- Church: Church of England
- Diocese: Salisbury
- In office: 1993–2010
- Predecessor: John Baker
- Successor: Nick Holtam
- Other post: Provost of Portsmouth (1982–1993)

Orders
- Ordination: 1967
- Consecration: 30 November 1993

Personal details
- Born: 1 October 1942 (age 83) Devizes, Wiltshire, United Kingdom
- Denomination: Anglican
- Parents: Michael Stancliffe
- Spouse: Sarah Smith (m. 1965)
- Profession: Anglican bishop, former musician
- Alma mater: Trinity College, Oxford

Member of the House of Lords
- Lord Spiritual
- Bishop of Salisbury 20 January 1998 – 30 September 2010

= David Stancliffe =

Church of England bishop (born 1942)

David Staffurth Stancliffe (born 1 October 1942) is a British retired Anglican bishop in the Church of England. He was provost of Portsmouth Cathedral from 1982 to 1993 and Bishop of Salisbury from 1993 to 2010. He is the third generation of his family to be in ordained ministry.

==Early life==
The son of Michael Stancliffe, a Dean of Winchester who was himself ordained at Salisbury Cathedral, Stancliffe was born in 1942 in Devizes, Wiltshire, where his father was curate of St James' Southbroom, later serving at Ramsbury and Cirencester before becoming chaplain to Westminster School. It was from Westminster School that Stancliffe went to Trinity College, Oxford, to study classics and philosophy and where he was organ scholar. He has a Master of Arts (MA Oxon) degree from Oxford.
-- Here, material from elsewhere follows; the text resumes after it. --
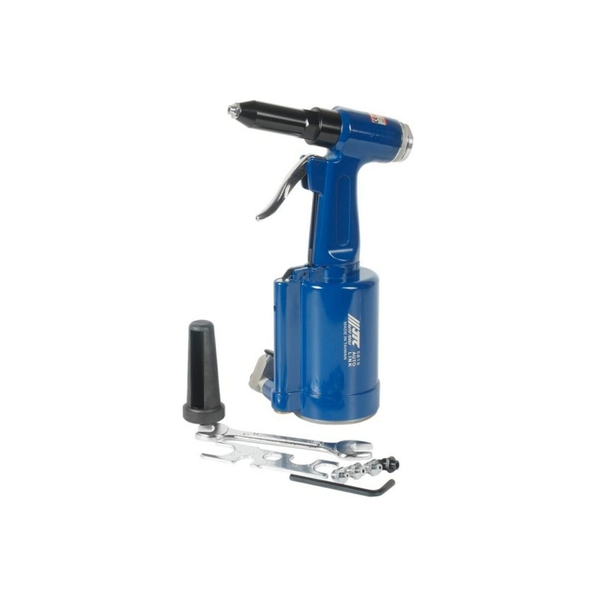 Технические характеристики JTC JTC-5819Тип инструментазаклепочникКласс товарапрофессиональныйТип заклепоквытяжныеТип соединениярапид (EURO)Давление6.8 атмДиаметр воздушного штуцера1/4F дюймРасход воздуха на удар5 л/ударМатериал заклепокалюминий/медьMax диаметр заклепки (алюминий)6.4 ммMax диаметр заклепки (медь)6.4 ммРазмер заклепок2.4; 3.2; 4.0; 4.8; 6.4 ммУпаковкакоробкаГабариты без упаковки170х77х277 ммВес нетто1.65 кг

While at university, Stancliffe abandoned thoughts of a musical career in favour of ordination and instead went to theological training at Cuddesdon College in October 1965.

==Ordained ministry==
Stancliffe was ordained as a deacon on 8 December 1967 by John Moorman, Bishop of Ripon, at the chapel of the Hostel of the Resurrection, University of Leeds and as a priest on 22 December 1968 by Howard Cruse, Bishop of Knaresborough, at Ripon Cathedral. Stancliffe served as curate of the Leeds parish of St Bartholomew's Armley. Three years later he returned to the West Country as chaplain to Clifton College, Bristol.

In 1977, Stancliffe was appointed a canon residentiary of Portsmouth Cathedral and the diocesan director of ordinands and, subsequently, the lay ministerial adviser. For a time he also undertook the role of precentor in a combination of duties which recognised his special interests in the areas of liturgy, church architecture and music, while also involving him in clergy formation and training and the work of the parishes in the diocese.
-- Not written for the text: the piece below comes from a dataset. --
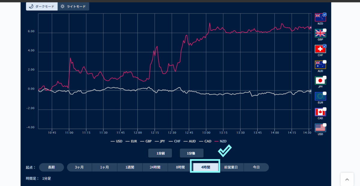 今表示しているのはNZDとCHF、どちらも強い状態ですね。(いまはNZDが政策金利で上がっているだけですが)

Stancliffe was appointed Provost of Portsmouth in 1982 and his major work from then until 1993 was the completion and reordering of Portsmouth Cathedral, shaping its life and work to fulfil its primary function of supporting the Bishop of Portsmouth.

Alongside other duties in the Diocese of Portsmouth, he was vice-chairman of the governors of Portsmouth Grammar School, a governor of Chichester Theological College, a member of the governing bodies of the Southern Dioceses Ministerial Training Scheme and of Salisbury & Wells Theological College and chairman of the Southern Regional Institute.
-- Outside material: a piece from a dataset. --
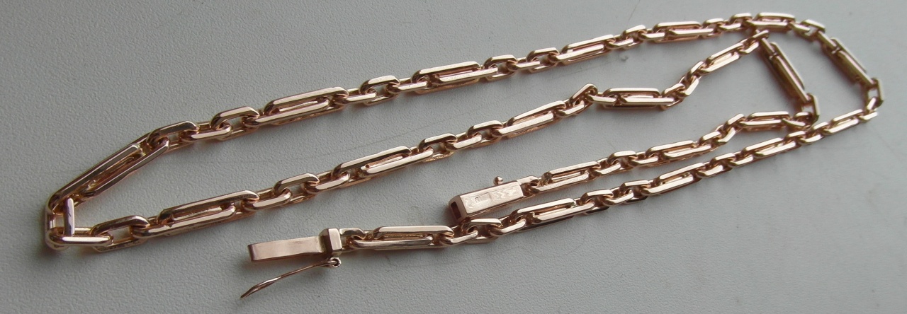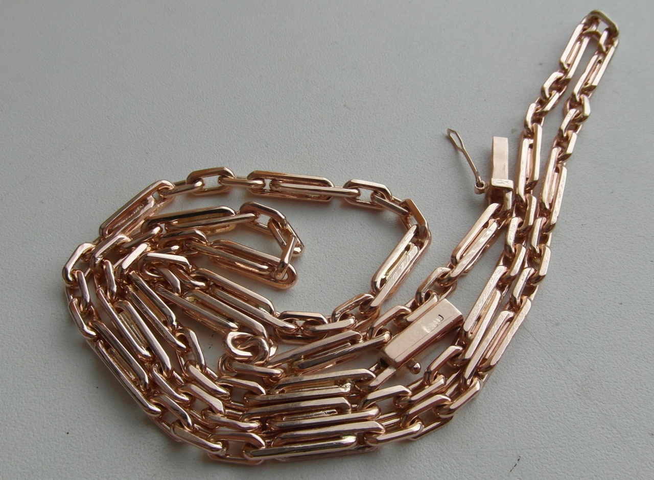 Шикарная золотая цепь якорного плетения с вытянутым звеном, вес 44.52 грамм, 61.5 см

In July 1993, Stancliffe succeeded Colin James, Bishop of Winchester, as chairman of the Church of England's Liturgical Commission, a position which he held until 2005. He served on the commission from 1986. Work with the commission has involved the publication of The Promise of His Glory and the preparation and publication of the Common Worship liturgies. This significant contribution to the life of the Church of England was recognised by the award by Rowan Williams, Archbishop of Canterbury, of a Lambeth Doctorate in Divinity (DD) in 2004. Stancliffe has been a member of the Council for the Care of Churches.

Stancliffe was consecrated a bishop on 30 November 1993 by George Carey, Archbishop of Canterbury, at Westminster Abbey, and enthroned Bishop of Salisbury in Salisbury Cathedral on 9 December 1993. In June 2008, Stancliffe suffered a stroke and while remaining Bishop of Salisbury took a leave of absence from episcopal duties. On 6 January 2010 he announced his intention to retire from the see of Salisbury. His final act as bishop was the ordination of priests at Salisbury Cathedral at Petertide on 3 July 2010. Although he officially retired as of 13 July 2010, he continued in his duties at General Synod and completed his commitments as bishop and member of the House of Lords.

He is a fellow of St Chad's College, Durham, the president of Affirming Catholicism and vice-president of the Royal School of Church Music.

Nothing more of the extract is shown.